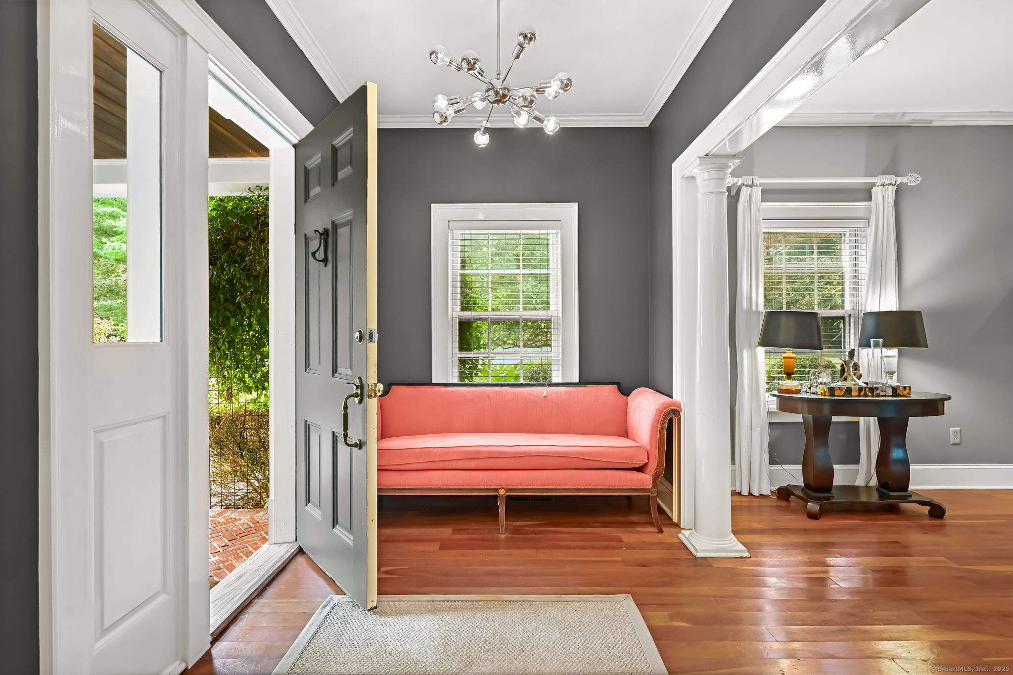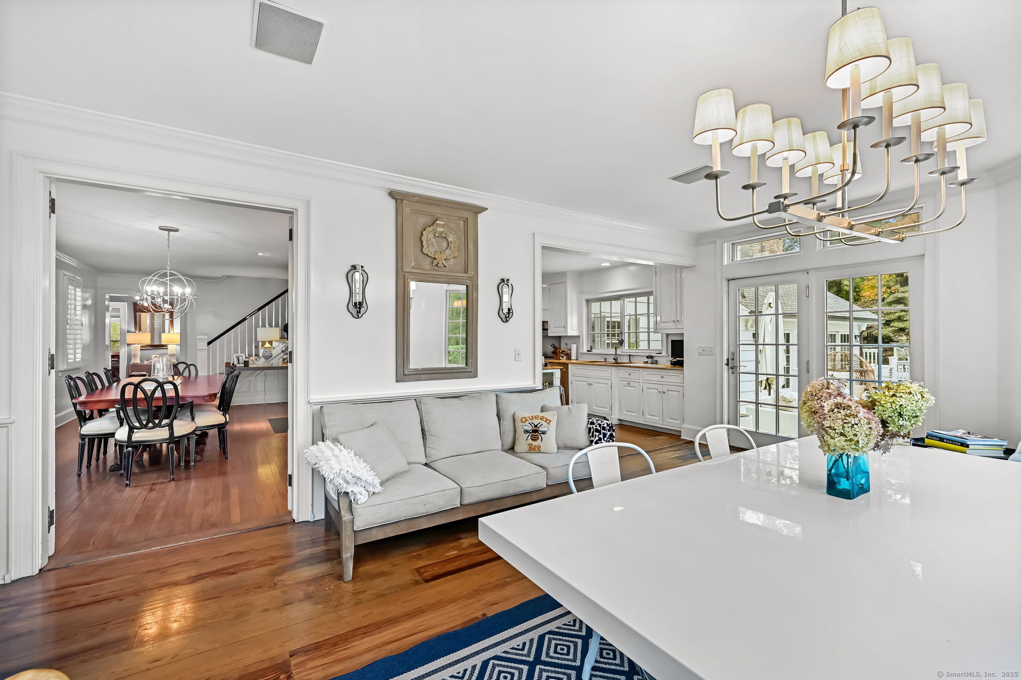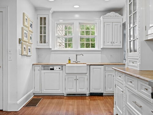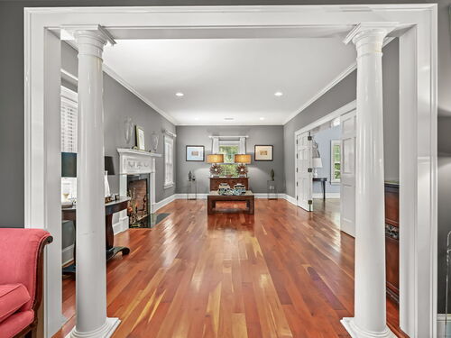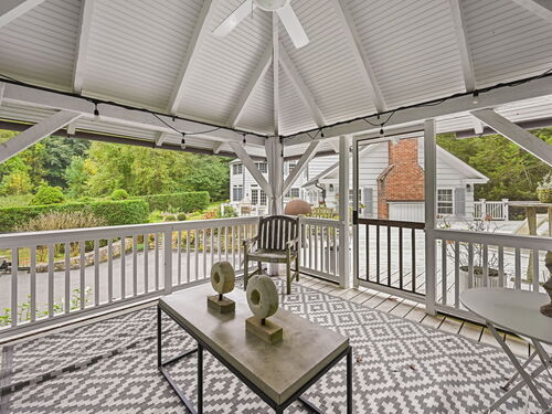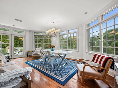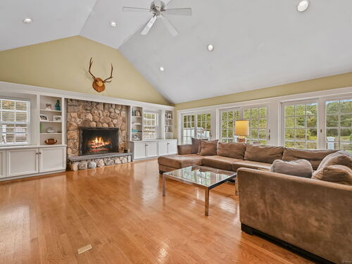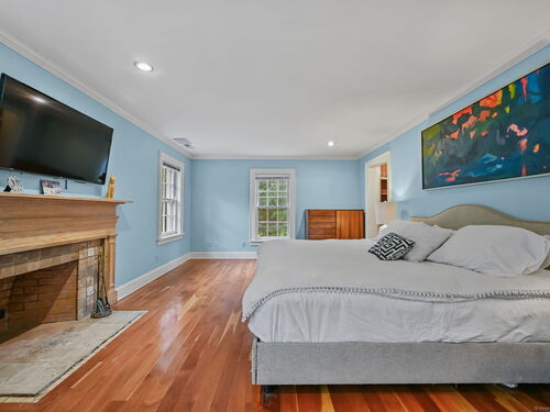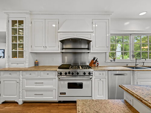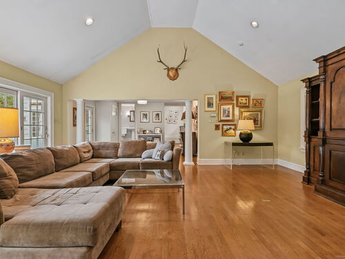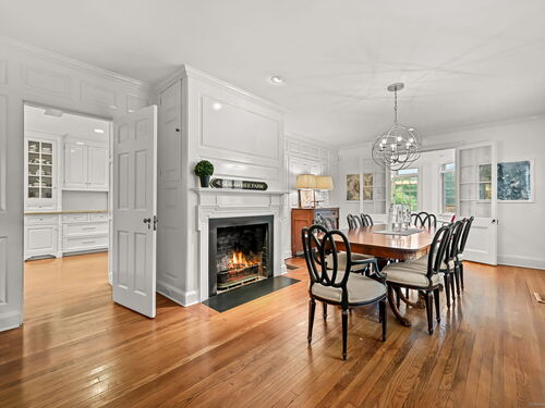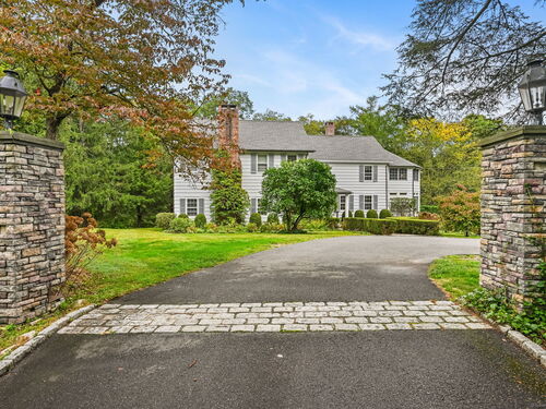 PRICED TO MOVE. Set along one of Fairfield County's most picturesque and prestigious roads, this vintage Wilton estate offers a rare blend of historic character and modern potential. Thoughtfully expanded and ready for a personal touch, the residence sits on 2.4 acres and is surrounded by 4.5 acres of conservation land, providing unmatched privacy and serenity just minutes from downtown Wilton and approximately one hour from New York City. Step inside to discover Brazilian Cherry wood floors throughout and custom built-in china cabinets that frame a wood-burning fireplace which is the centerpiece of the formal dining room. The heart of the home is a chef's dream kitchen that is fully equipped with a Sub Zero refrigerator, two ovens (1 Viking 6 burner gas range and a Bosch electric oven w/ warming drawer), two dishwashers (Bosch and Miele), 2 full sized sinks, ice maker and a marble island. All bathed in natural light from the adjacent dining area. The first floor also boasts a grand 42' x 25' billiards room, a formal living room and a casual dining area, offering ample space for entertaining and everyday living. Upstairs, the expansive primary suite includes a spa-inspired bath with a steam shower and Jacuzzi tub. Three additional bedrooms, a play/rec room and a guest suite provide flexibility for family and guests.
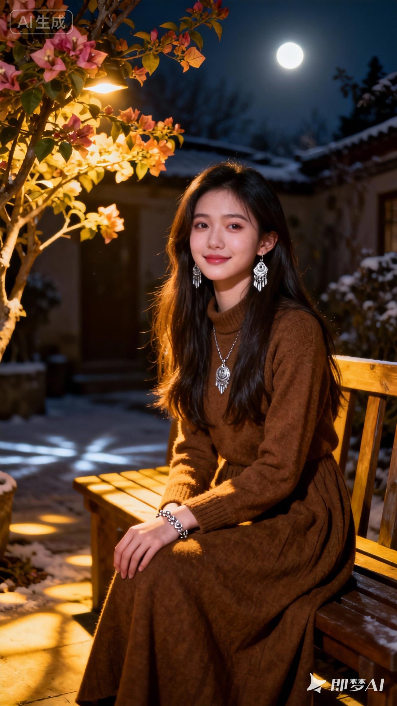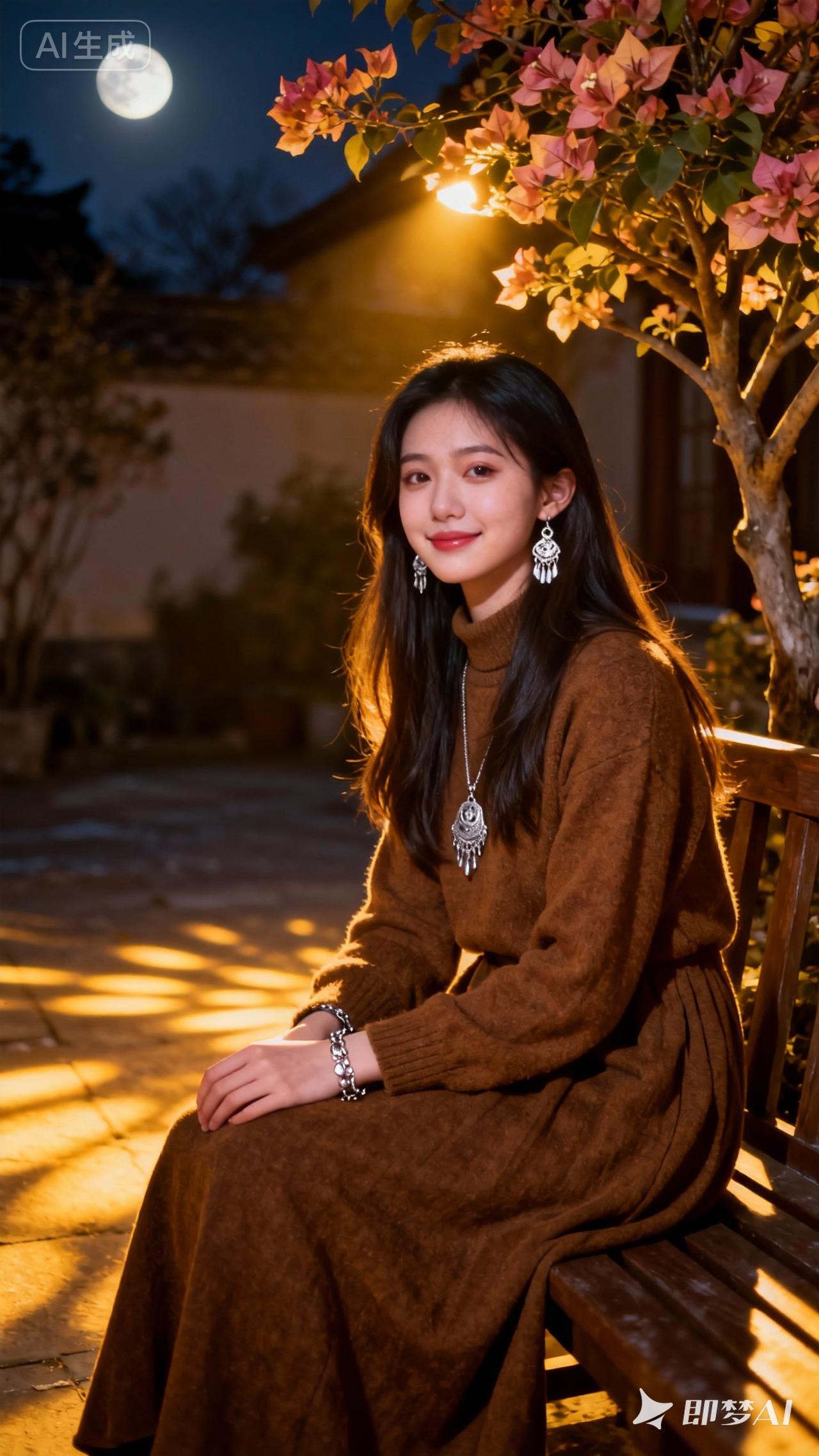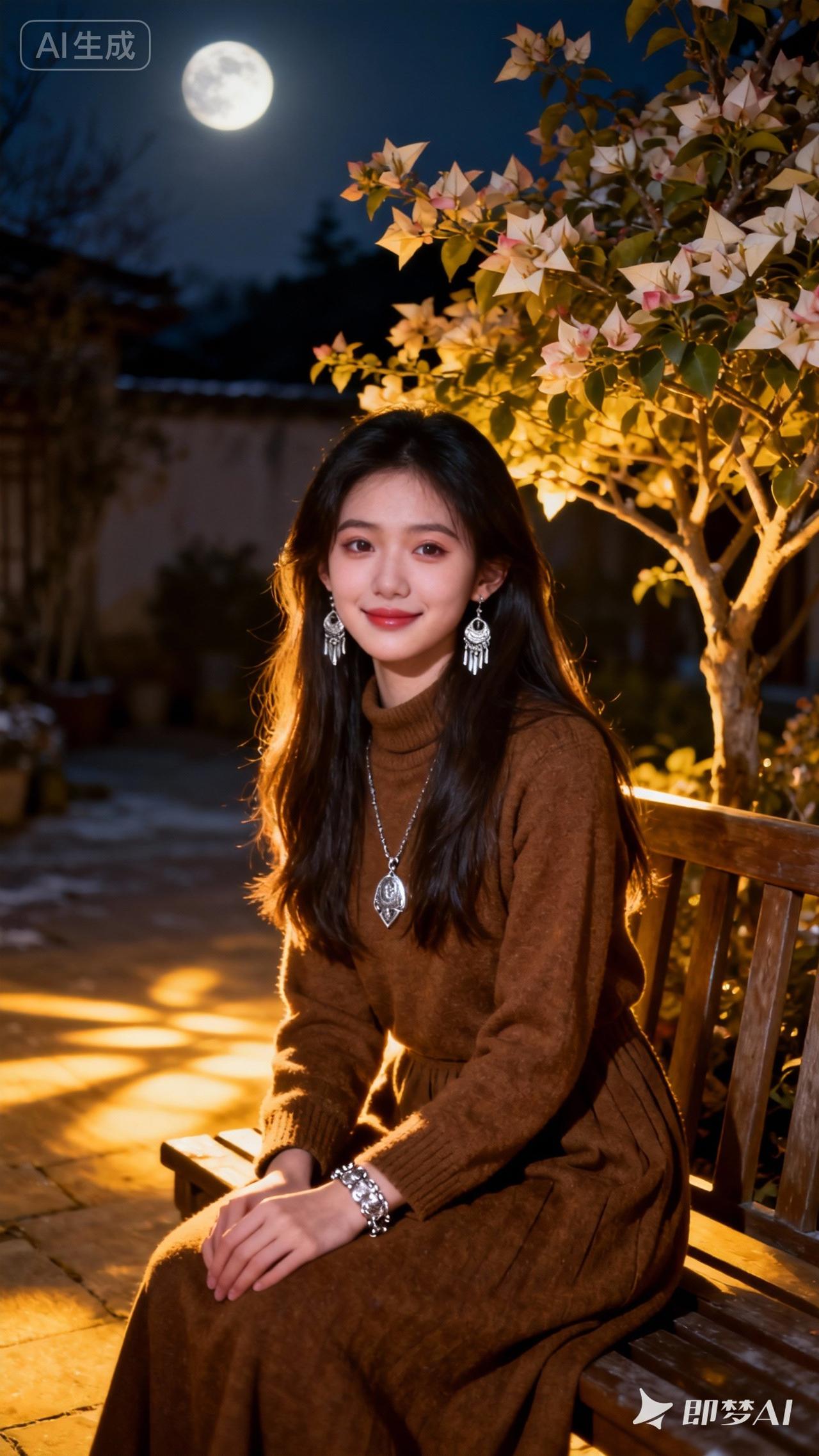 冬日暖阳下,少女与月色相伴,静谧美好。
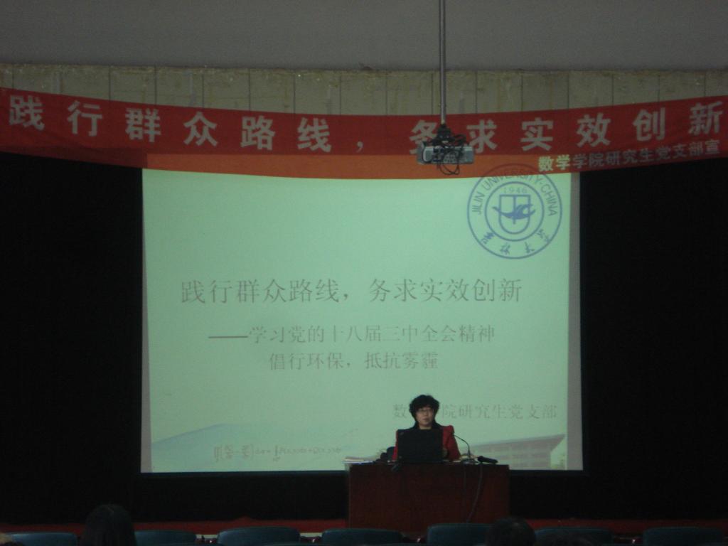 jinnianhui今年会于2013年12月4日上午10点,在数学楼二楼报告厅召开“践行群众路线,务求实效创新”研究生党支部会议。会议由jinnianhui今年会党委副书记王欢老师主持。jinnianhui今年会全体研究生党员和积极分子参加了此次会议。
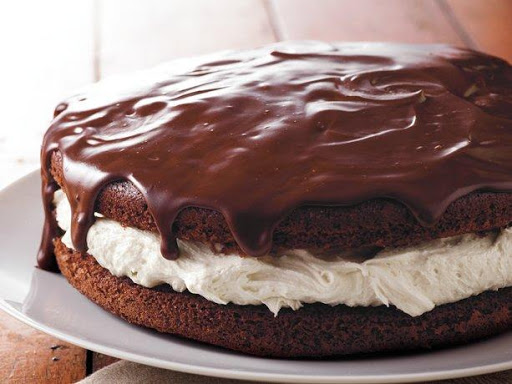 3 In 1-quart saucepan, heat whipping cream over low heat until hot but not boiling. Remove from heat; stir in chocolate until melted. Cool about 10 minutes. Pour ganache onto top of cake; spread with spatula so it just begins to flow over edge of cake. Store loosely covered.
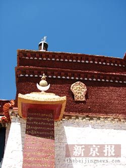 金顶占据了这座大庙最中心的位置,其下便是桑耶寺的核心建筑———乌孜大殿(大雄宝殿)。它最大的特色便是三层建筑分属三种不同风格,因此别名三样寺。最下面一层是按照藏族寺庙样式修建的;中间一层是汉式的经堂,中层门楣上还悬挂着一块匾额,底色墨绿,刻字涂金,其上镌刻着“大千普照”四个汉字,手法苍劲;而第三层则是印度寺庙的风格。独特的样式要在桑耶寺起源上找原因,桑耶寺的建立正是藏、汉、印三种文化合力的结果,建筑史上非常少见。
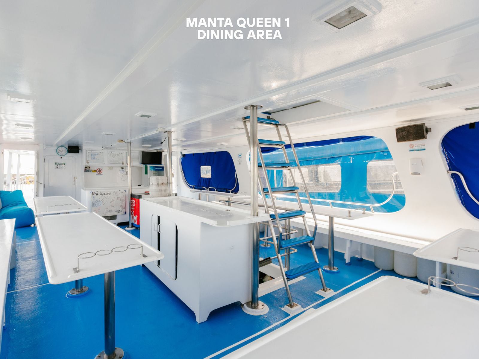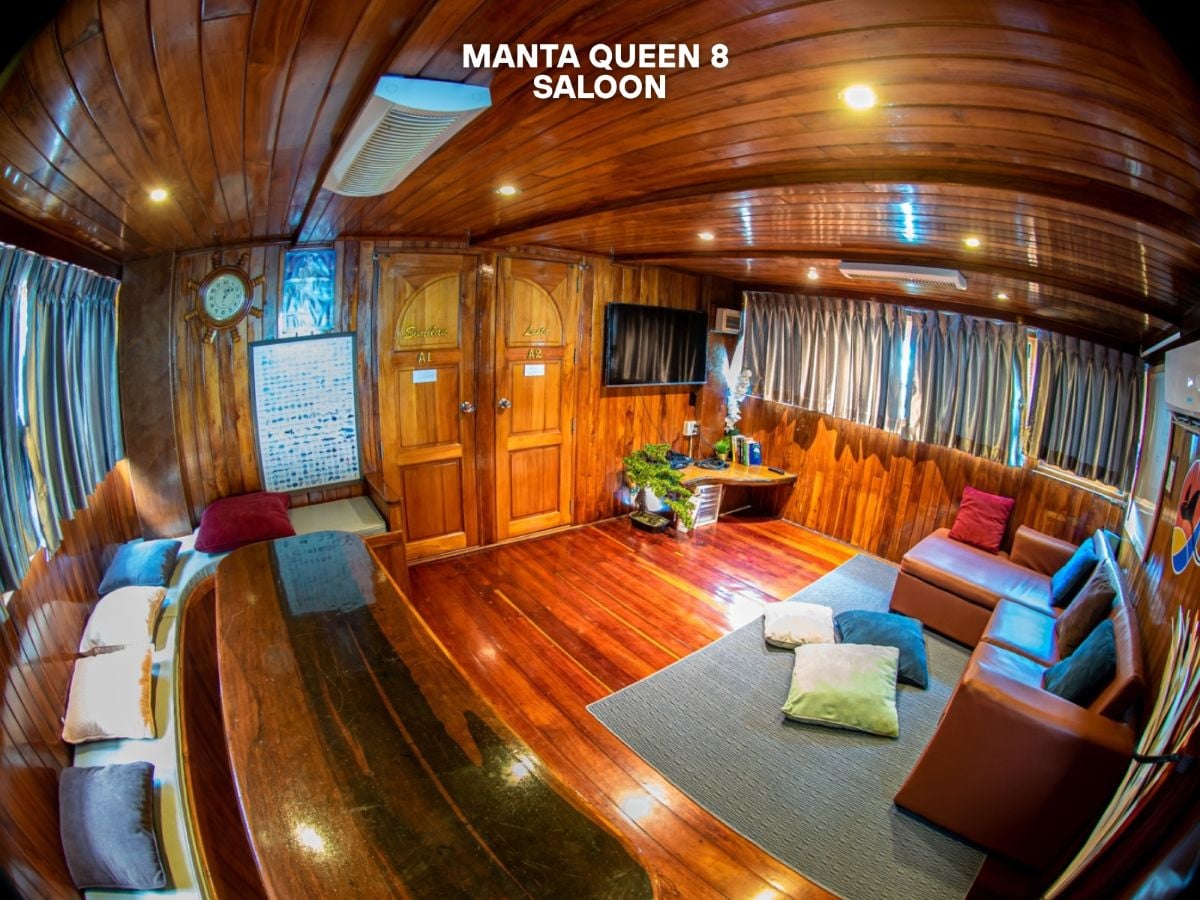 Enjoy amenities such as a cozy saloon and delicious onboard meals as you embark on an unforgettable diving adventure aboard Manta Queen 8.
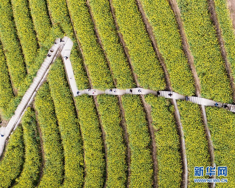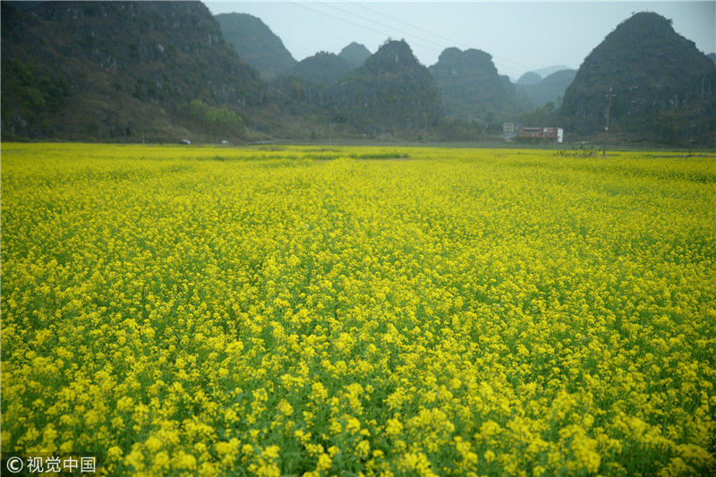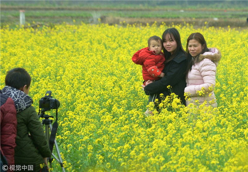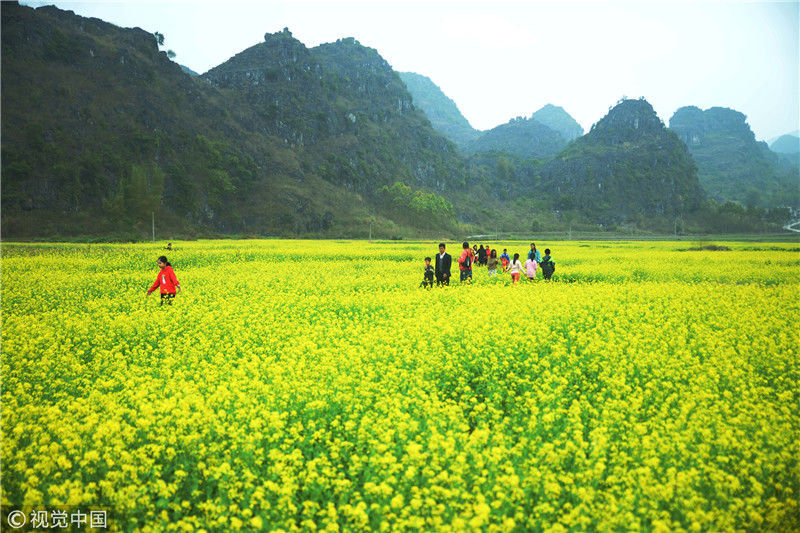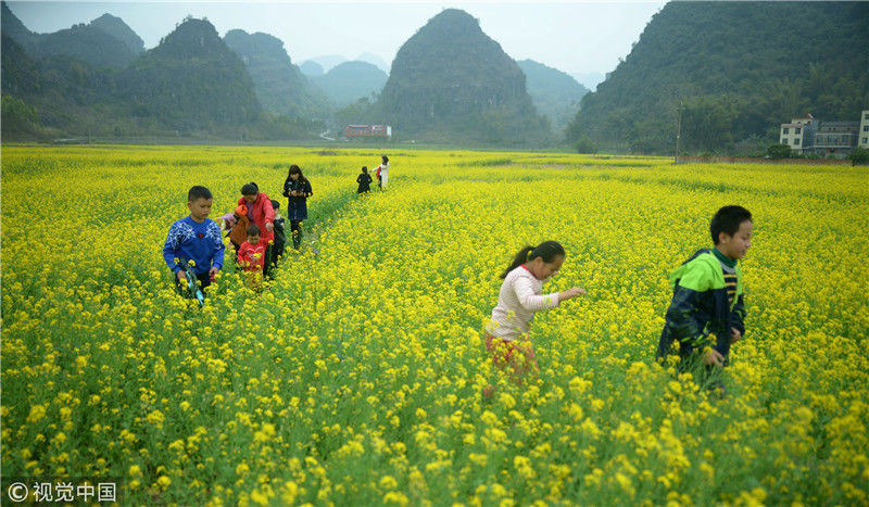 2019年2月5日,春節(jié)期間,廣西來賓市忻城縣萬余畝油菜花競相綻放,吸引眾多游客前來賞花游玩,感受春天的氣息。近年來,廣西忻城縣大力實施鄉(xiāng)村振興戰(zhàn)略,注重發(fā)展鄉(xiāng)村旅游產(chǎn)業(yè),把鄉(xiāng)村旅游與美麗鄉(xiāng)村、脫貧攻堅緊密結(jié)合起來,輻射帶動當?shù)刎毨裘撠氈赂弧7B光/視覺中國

________________

#### REQUIRED ACTION
Only the lines from the one with "Enjoy amenities such" through the last line above belong in the answer. Reproduce them exactly, without the pictures.

#### SOLUTION FOR THIS EXERCISE
 Enjoy amenities such as a cozy saloon and delicious onboard meals as you embark on an unforgettable diving adventure aboard Manta Queen 8.
 2019年2月5日,春節(jié)期間,廣西來賓市忻城縣萬余畝油菜花競相綻放,吸引眾多游客前來賞花游玩,感受春天的氣息。近年來,廣西忻城縣大力實施鄉(xiāng)村振興戰(zhàn)略,注重發(fā)展鄉(xiāng)村旅游產(chǎn)業(yè),把鄉(xiāng)村旅游與美麗鄉(xiāng)村、脫貧攻堅緊密結(jié)合起來,輻射帶動當?shù)刎毨裘撠氈赂弧7B光/視覺中國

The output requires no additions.